As vendas nas mesmas lojas também foram afetadas, registrando queda de 0,9% em relação ao ano anterior. A receita líquida totalizou 18,6 bilhões de reais, um aumento de 0,5%, impulsionado principalmente pela inauguração de novas unidades. Para o Safra, isso indica que o desempenho operacional da companhia foi fraco.

“Consideramos o resultado misto, visto que o lucro líquido ficou 26% abaixo da nossa projeção devido ao desempenho operacional inferior, mas a dívida líquida veio melhor do que o esperado”, afirmaram os analistas do Safra em relatório publicado nesta terça-feira, 28.

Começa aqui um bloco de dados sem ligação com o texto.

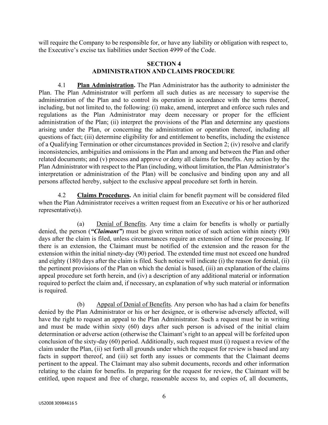 6 US2008 30984616 5 will require the Company to be responsible for, or have any liability or obligation with respect to, the Executive’s excise tax liabilities under Section 4999 of the Code. SECTION 4 ADMINISTRATION AND CLAIMS PROCEDURE 4.1 Plan Administration. The Plan Administrator has the authority to administer the Plan. The Plan Administrator will perform all such duties as are necessary to supervise the administration of the Plan and to control its operation in accordance with the terms thereof, including, but not limited to, the following: (i) make, amend, interpret and enforce such rules and regulations as the Plan Administrator may deem necessary or proper for the efficient administration of the Plan; (ii) interpret the provisions of the Plan and determine any questions arising under the Plan, or concerning the administration or operation thereof, including all questions of fact; (iii) determine eligibility for and entitlement to benefits, including the existence of a Qualifying Termination or other circumstances provided in Section 2; (iv) resolve and clarify inconsistencies, ambiguities and omissions in the Plan and among and between the Plan and other related documents; and (v) process and approve or deny all claims for benefits. Any action by the Plan Administrator with respect to the Plan (including, without limitation, the Plan Administrator’s interpretation or administration of the Plan) will be conclusive and binding upon any and all persons affected hereby, subject to the exclusive appeal procedure set forth in herein. 4.2 Claims Procedures. An initial claim for benefit payment will be considered filed when the Plan Administrator receives a written request from an Executive or his or her authorized representative(s). (a) Denial of Benefits. Any time a claim for benefits is wholly or partially denied, the person (“Claimant”) must be given written notice of such action within ninety (90) days after the claim is filed, unless circumstances require an extension of time for processing. If there is an extension, the Claimant must be notified of the extension and the reason for the extension within the initial ninety-day (90) period. The extended time must not exceed one hundred and eighty (180) days after the claim is filed. Such notice will indicate (i) the reason for denial, (ii) the pertinent provisions of the Plan on which the denial is based, (iii) an explanation of the claims appeal procedure set forth herein, and (iv) a description of any additional material or information required to perfect the claim and, if necessary, an explanation of why such material or information is required. (b) Appeal of Denial of Benefits. Any person who has had a claim for benefits denied by the Plan Administrator or his or her designee, or is otherwise adversely affected, will have the right to request an appeal to the Plan Administrator. Such a request must be in writing and must be made within sixty (60) days after such person is advised of the initial claim determination or adverse action (otherwise the Claimant’s right to an appeal will be forfeited upon conclusion of the sixty-day (60) period. Additionally, such request must (i) request a review of the claim under the Plan, (ii) set forth all grounds under which the request for review is based and any facts in support thereof, and (iii) set forth any issues or comments that the Claimant deems pertinent to the appeal. The Claimant may also submit documents, records and other information relating to the claim for benefits. In preparing for the request for review, the Claimant will be entitled, upon request and free of charge, reasonable access to, and copies of, all documents,

Endividamento e alavancagem

O Assaí encerrou o primeiro trimestre de 2026 com dívida líquida de 11,5 bilhões de reais. Já a alavancagem, medida pela relação entre dívida líquida e Ebitda, caiu de 3,15 vezes para 2,52 vezes. Isso significa que o endividamento da empresa equivale a 2,52 vezes sua capacidade de geração de caixa.

Em resumo, o Assaí apresentou um resultado operacional pressionado pelo alto endividamento das famílias, pelo avanço das apostas online e pela queda nos preços dos alimentos. Para o Safra, a cautela com a companhia permanece. “Mantemos nossa recomendação neutra para a empresa e seguimos cautelosos com o varejo alimentar de forma geral”, concluíram os analistas.